Remarkably, there is little expectation that crisis will lead to liberal reforms. In Russia, hard times normally produce hard lines, and while Medvedev has a number of advisers with liberal reputations on key policy issues, whether of conviction or convenience, he sounds very much like Putin, projecting an image of toughness and determination. As far as Russian foreign policy is concerned, the economic downturn has largely put an end to the triumphalist mood after the August victory against Georgia. And there is a growing understanding that, like it or not, a conflict-or even the perception of a conflict - with the United States would be detrimental to investors' confidence in Russia, leading to an outflow of capital and the decline of the ruble.
But economic difficulties, in addition to generating protectionist measures like the additional tariffs on foreign cars, mean that the Russian government has less room for flexibility in offering special consideration to energy customers failing to pay their gas bills, such as Ukraine. And there is increased temptation to provide Russian weapons to whomever is in a position to pay cash, Iran included. Moscow still denies Tehran's claims that it has supplied Iran with long-range S-300 missiles, but clearly, whether the denials are genuine or not, the temptation to sell to whomever or whatever is only going to grow as the Russian economy continues to go downhill and government resources dwindle further and further.

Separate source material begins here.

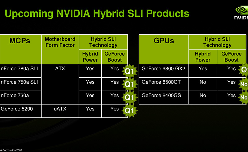 GeForce 9800 GX2は,AMDプラットフォーム向けグラフィックス機能統合型チップセット「nForce 700a」シリーズでサポートされる「Hybrid SLI」技術にも対応する。

Chances are still good that Russian reserves will prove sufficient to muddle through 2009, that the Russian political system has enough stability to withstand the test of economic downturn, and that a new beginning with the United States offered by the Obama administration coupled with a new sense of vulnerability, will be sufficient to discourage Moscow from taking risks in their relationship with the United States and, more broadly, the West. Still, Russia is in uncharted waters, where few things are taken for granted, and in this time of uncertainty, it is particularly important for the incoming Obama administration to proceed with care, being mindful of unintended consequences of American actions that could tip the balance in Russia against U.S. interests.